Apa yang menimpa Jack Ma itu tak pelak mengusik sistem swasta yang unik di China. Namun media massa dan sistem informasi yang dikendalikan ketat membuat suara sumbang tertutup rapat-rapat.
Sejak Deng Xiaoping meluncurkan era 'reformasi dan keterbukaan' 40 tahun silam, Partai Komunis China kian tergantung kepada perusahaan-perusahaan swasta dalam hal pertumbuhan ekonomi, penciptaan lapangan kerja dan pemasukan pajak. Namun sejak Xi Jinping berkuasa, kontrol pemerintah terhadap swasta semakin besar sampai tak jarang memicu penumpasan terhadap aktor-aktor swasta yang dianggap sudah kebablasan. Jack Ma sendiri bukan yang pertama.
Sepertinya ada semacam konsensus di China bahwa silakan mengumpulkan kekayaan sebanyak mungkin, tetapi begitu keluar dari garis partai, maka semua keistimewaan itu hilang. Ini pula yang menimpa Jack Ma yang sebelum menghilang, selalu mendapatkan sanjungan dari otoritas bahkan dianggap role model.
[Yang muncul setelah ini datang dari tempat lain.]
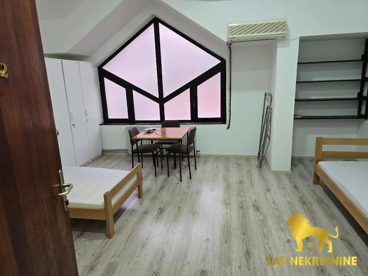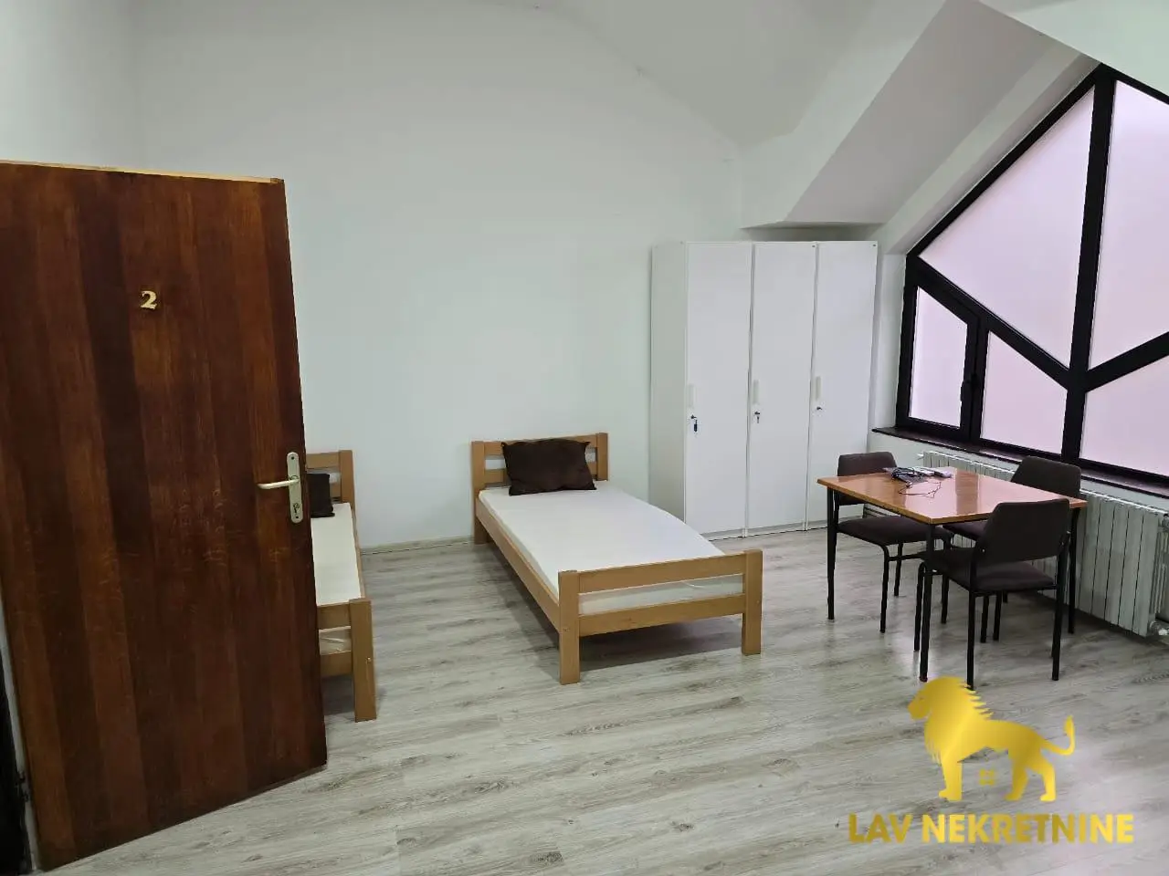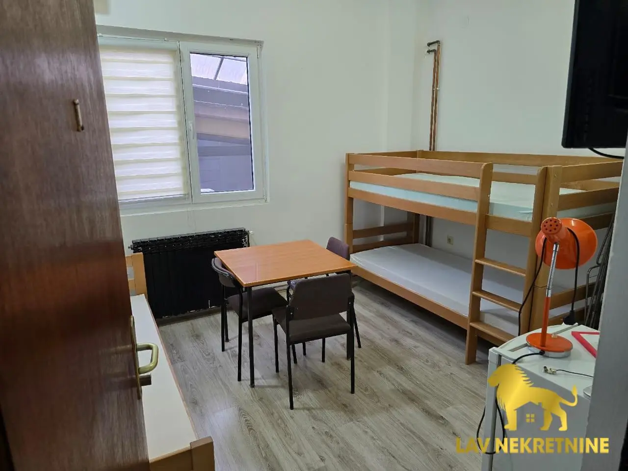 Enterijer je potpuno opremljen: 12 kreveta, 12 ormarića, 12 stolica, četiri stola i kuhinjski sto sa klupama. Za maksimalnu udobnost, stan ima četiri nova televizora, pet frižidera, mašinu za pranje veša i mašinu za sušenje veša.

Namun sejumlah media massa Barat seperti CNN menyebut Jack Ma terlalu besar untuk didiamkan. Saat ini saja ada 700 juga pengguna aktif layanan bisnis Alibaba, termasuk fintech-nya.
Kalaupun terbungkamkan, mungkin Jack Ma-Jack Ma lain bisa bermunculan di masa mendatang sebagaimana juga Jack Ma yang bukan orang pertama di China yang dibungkam otoritas. Pengusaha dan investor Guo Guangchang dan mantan taipan real estate Ren Zhiqiang adalah dua dari sekian tokoh terkenal China lainnya sebelum Jack Ma yang pernah mendadak hilang namun kemudian muncul kembali.
Di atas itu semua, insiden Jack Ma kian menebalkan kesan kapitalisme dan liberalisme yang berpijak pasar bebas memang tengah berlaku di China, walaupun baru pada matra ekonomi, sekalipun sejumlah pakar seperti Amy Chua dalam bukunya “World on Fire” terbitan 2004 menilai China sebenarnya sudah melakukan semacam reformasi politik dengan memberlakukan pemilu semi terbuka pada tingkat desa.